Cada fachada reflete o jeito simples e hospitaleiro do lugar
REINO DO AÇÚCAR
“O açúcar adoçou tantos aspectos da vida brasileira, que não se pode separar dele a civilização nacional.” Em poucos lugares do Nordeste brasileiro, a frase do sociólogo pernambucano Gilberto Freyre faz tanto sentido quanto no Brejo paraibano. Apenas em Areia, mais de 100 engenhos estavam em atividade entre meados do século 19 e final da década de 1960. Hoje, os poucos mais de 20 que sobreviveram mantêm a tradição.
Nas fotos a seguir, as várias etapas da feitura da rapadura, produto elementar na formação econômica de Areia
Areia abriga os primeiros engenhos da Paraíba que contaram com máquinas a vapor, a exemplo do Engenho Vaca Brava, inaugurado em 1860 e considerado o mais antigo da região. Aurélio Leal, seu proprietário, é especialista em contar histórias da época em que as fazendas eram equipadas com senzalas e escravos moíam a cana. Ainda hoje, a cachaça produzida no Vaca Brava é armazenada em barris de umburana e de jequitibá.
Carregados de memória, os engenhos começam o dia, ainda escuro, já moendo o caldo e espalhando o doce perfume da cana. Antes de se chegar ao famoso tablete de rapadura, no entanto, várias etapas são realizadas.
O primeiro líquido constitui o melaço, ou mel, que dá origem ao alfenim e à batida, com o seu característico aroma de cravo. Todo realizado manualmente, o processo exige a presença de um mestre, o homem responsável por dar o “ponto” certo ao doce. Produzida com um único ingrediente, a rapadura já foi vítima de preconceito em função da sua raiz popular, mas hoje incrementa com um toque rústico as receitas de chefs famosos. Sua alta qualidade nutritiva também é reconhecida pelo mercado de produtos naturais, que valoriza sua superioridade em relação ao açúcar refinado.

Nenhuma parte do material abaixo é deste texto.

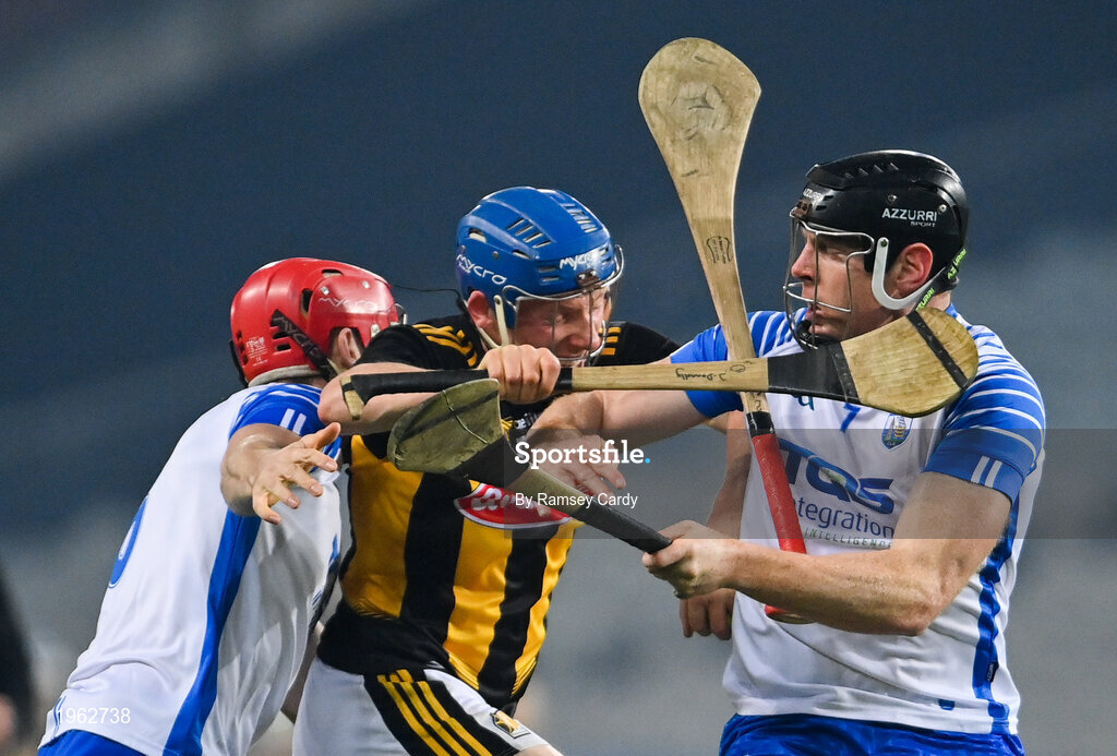 28 November 2020; John Donnelly of Kilkenny in action against Tadhg de Búrca/left Kevin Moran of Waterford during the GAA Hurling All-Ireland Senior Championship Semi-Final match between Kilkenny and Waterford at Croke Park in Dublin. Photo by Ramsey Cardy/Sportsfile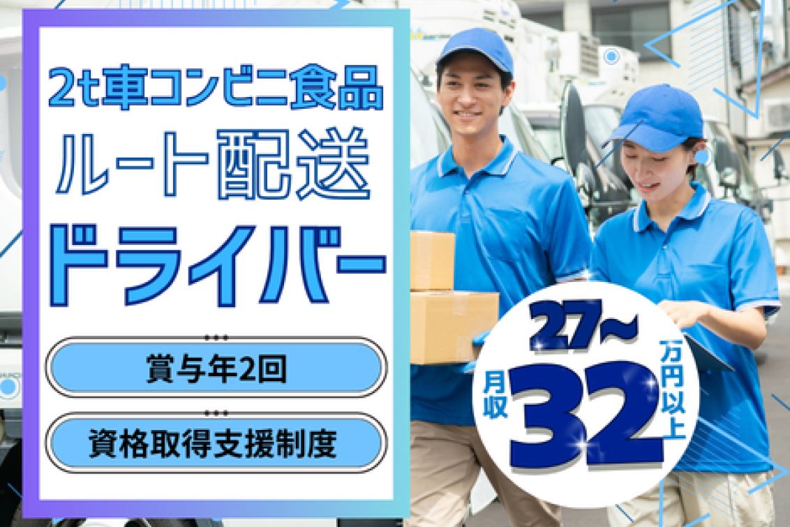 未経験から月収32万円可|近距離ルート配送|日勤・夜勤選べる|残業代1分単位支給|コンビニ配送ドライバー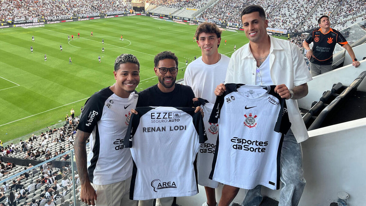 João Cancelo e João Félix foram ver o Corinthians-Botafogo no Brasil, jogo a contar para a 36.ª jornada do Brasileirão e que terminou empatado (2-2), aproveitando a pausa no campeonato saudita. Na companhia de Wesley, colega de João Félix no Al Nassr que já representou o clube paulista, e de Renan Lodi, companheiro de equipa de João Cancelo no Al Hilal, os internacionais portugueses receram camisolas [Vídeo: Corinthians].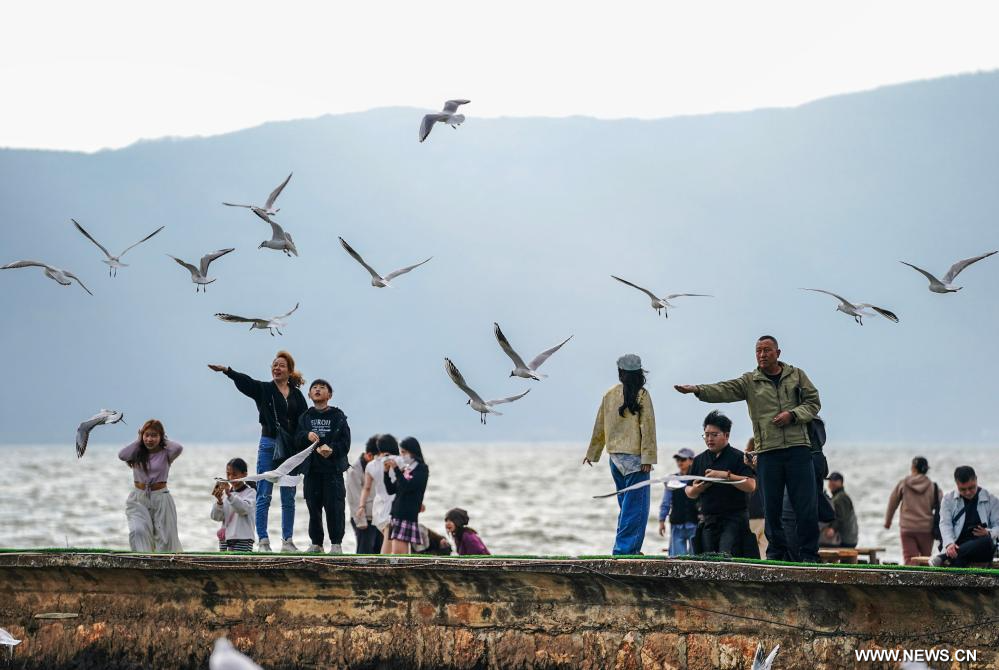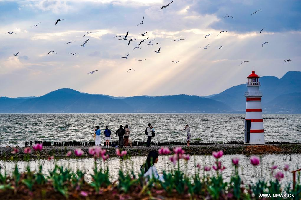 السياحة في بحيرة ديانتشي في مدينة كونمينغ بجنوب غربي الصين

O ciclo da rapadura foi tão importante para a formação econômica e cultural do Brejo paraibano, que mereceu a criação de um museu específico sobre o tema. Instalado dentro do campus da Universidade Federal da Paraíba e cercado por uma mata preservada, o lugar resguarda uma típica casa-grande do final do século 19 e um engenho que documenta em detalhes a evolução do processo manual de produção de uma das mais tradicionais iguarias nordestinas.
Em Bananeiras, cidade a 45 km de Areia, as construções do período colonial destacam-se pela mistura de estilos arquitetônicos, refletindo o ecletismo cultural que caracteriza o Brejo. Entre os exemplares do patrimônio que sobreviveram na área urbana da cidade, um dos mais representativos é o Túnel do Trem, construído em 1922 e que permitiu que a estrada de ferro chegasse até a cidade.
Já no Cruzeiro de Roma, datado de 1899 e construído em homenagem à Sagrada Família, a viagem pela Serra da Borborema atinge literalmente seu ponto alto. Fincado a exatos 507 metros de altitude, o santuário descortina a visão e revela, entre serras e pequenas reservas florestais, as imponentes chaminés de tijolo aparente, símbolos marcantes de uma doce época impregnada de vapor melado.
AUGUSTO PESSOA, jornalista e fotógrafo.